[LISTED ENTRIES]
>>>
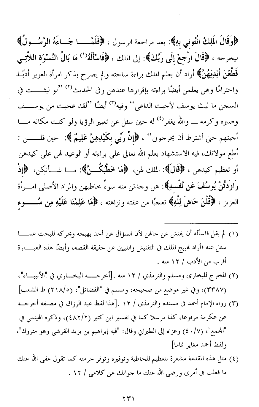 (وَقَالَ المَلِكُ ائْتُونِي بِهِ): بعد مراجعة الرسول، (فَلَمَّا جَاءَهُ الرَّسُولُ) ليخرجه، (قَالَ ارْجِعْ إِلَى ربِّكَ): إلى الملك، (فَاسْأَلْهُ مَا بَالُ النِّسْوَةِ اللَّاتِي قَطَّعْنَ أَيْدِيَهُنَّ) أراد أن يعلم الملك براءة ساحته ولم يصرح بذكر امرأة العزيز أدبًا واحترامًا وهن يعلمن أيضًا براءته بإقرارها عندهن وفي الحديث " لو لبثت في السجن ما لبث يوسف لأجبت الداعى " وفيه أيضًا " لقد عجبت من يوسف وصبره وكرمه - والله يغفر له حين سئل عن تعبير الرؤيا ولو كنت مكانه ما أجبتهم حتى أشترط أن يخرجوني "، (إِنَّ رَبِّي بِكَيْدِهِنَّ عَلِيمٌ): حين قلن: أطع مولاتك، فيه الاستشهاد بعلم الله تعالى على براءته أو الوعيد لهن على كيدهن أو تعظيم كيدهن، (قَالَ): الملك لهن، (ما خَطْبُكُنَّ): ما شأنكن، (إِذْ رَاوَدتُّنَّ يُوسُفَ عَن نَّفْسهِ): هل وجدتن منه سوءً خاطبهن والمراد الأصلي امرأة العزيز، (قُلْنَ حَاشَ لله) تعجبًا من عفته ونزاهته، (مَا عَلِمْنَا عَلَيْهِ مِن سُوءٍ
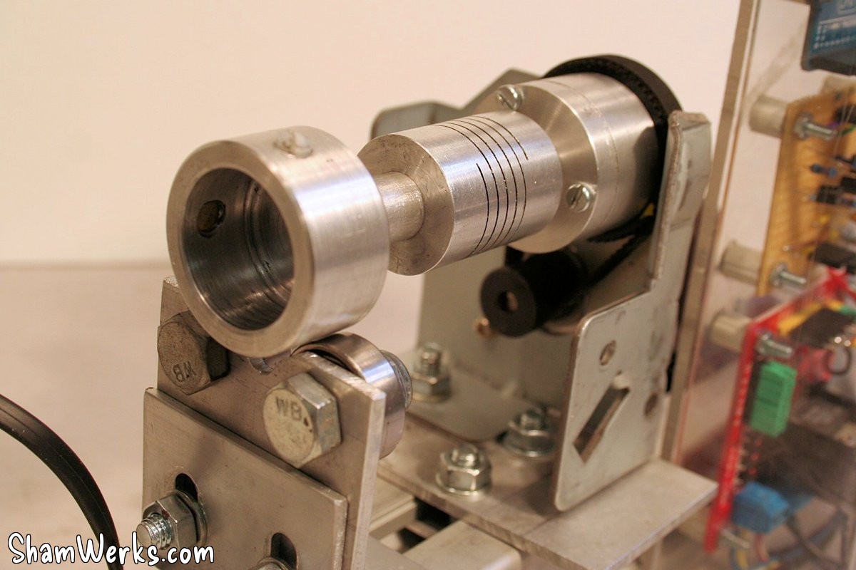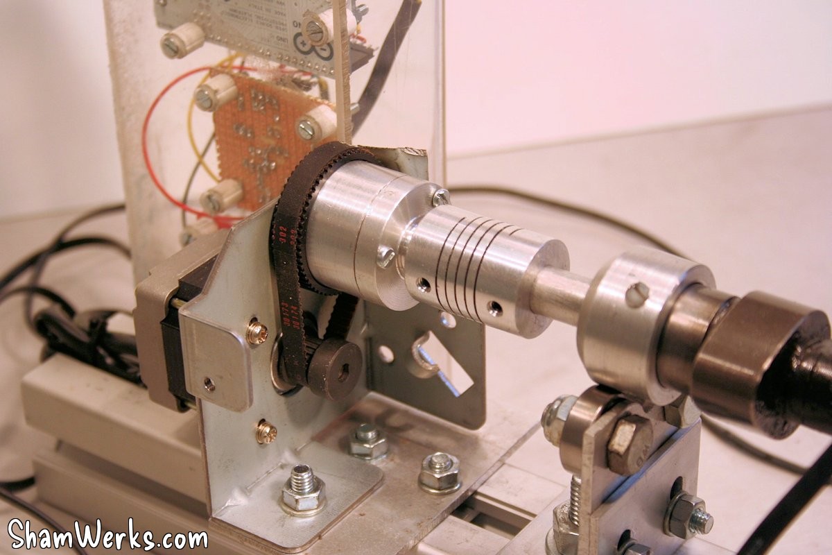 I lathe down an aluminium adapter for my stepper motor, and another one for the camshaft (with a nylon screw in order not to dent the camshaft), linked through a flexible coupler. This means I'll need a new camshaft adapter for each and every camshaft diameter... I can live with that, but I can imagine a system using a small chuck instead to avoid that.
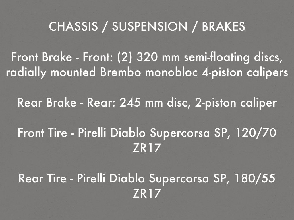 Front Brake - Front: (2) 320 mm semi-floating discs, radially mounted Brembo monobloc 4-piston calipers
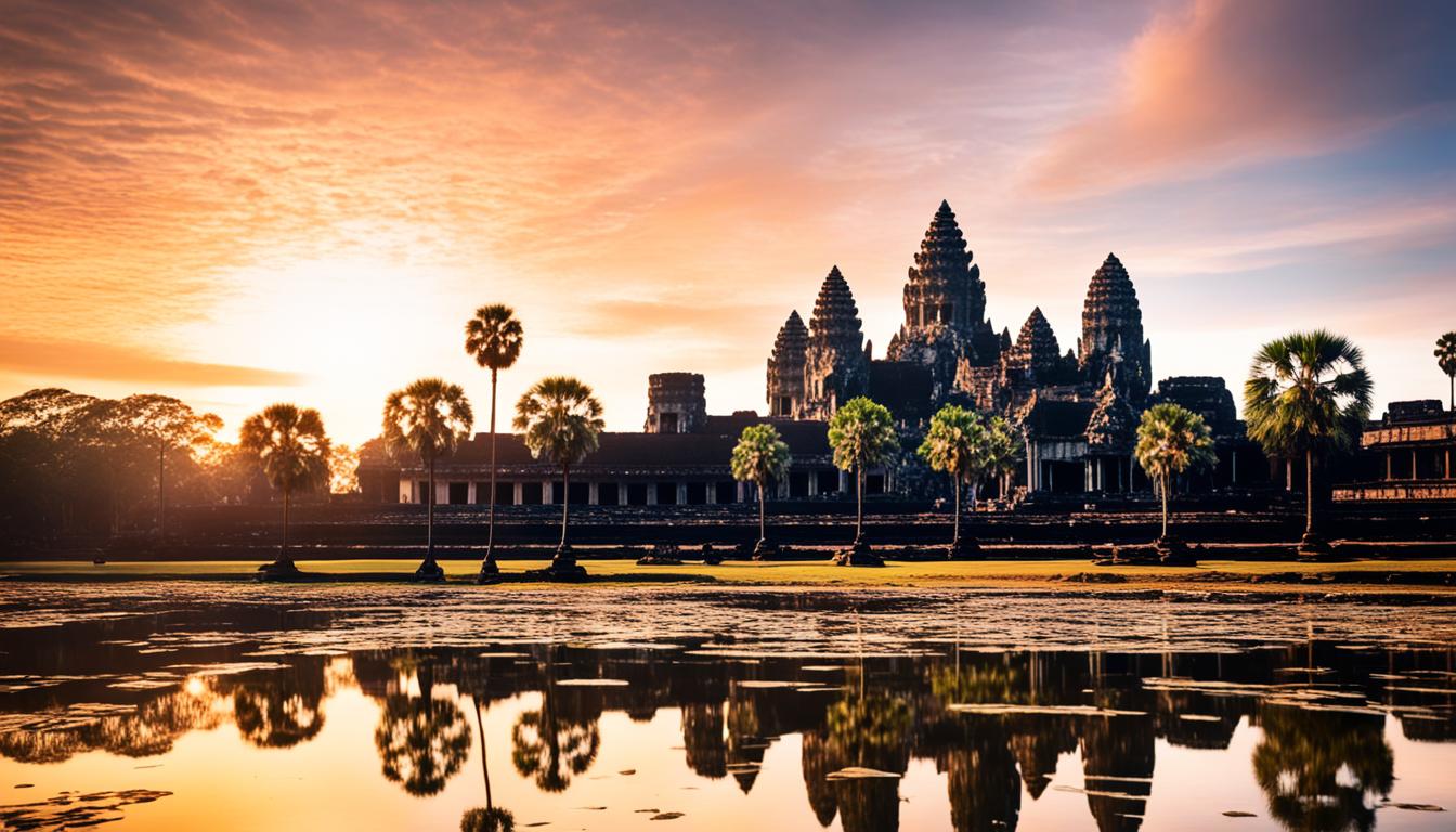 The Cambodian landmarks of Angkor Wat have a deep history and a mix of Khmer architecture. They show the skill and cultural heritage of the Khmer people. From tall spires to detailed carvings, every part of this site tells us about the Khmer empire’s creativity and legacy.
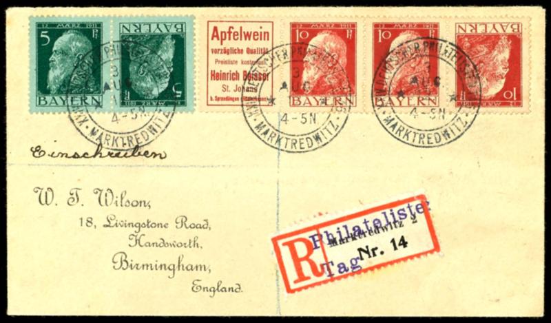 Apfelwein + 10 Pfennig mit Zusatzfrankatur auf R-Brief nach England mit Sonderstempel und Sonder-R-Zettel "PHILATELISTENTAG/MARKREDWITZ 3 AUG 12"Cider+10 penny with additional franking on registered letter to England with special cancel and special registered label \"philatelists day / MARKREDWIT
<<<
Pictures are to be omitted. Print exactly the lines from the line containing "Front Brake - Front: (2)" through the final line of the material above, both included.

 Front Brake - Front: (2) 320 mm semi-floating discs, radially mounted Brembo monobloc 4-piston calipers
 The Cambodian landmarks of Angkor Wat have a deep history and a mix of Khmer architecture. They show the skill and cultural heritage of the Khmer people. From tall spires to detailed carvings, every part of this site tells us about the Khmer empire’s creativity and legacy.
 Apfelwein + 10 Pfennig mit Zusatzfrankatur auf R-Brief nach England mit Sonderstempel und Sonder-R-Zettel "PHILATELISTENTAG/MARKREDWITZ 3 AUG 12"Cider+10 penny with additional franking on registered letter to England with special cancel and special registered label \"philatelists day / MARKREDWIT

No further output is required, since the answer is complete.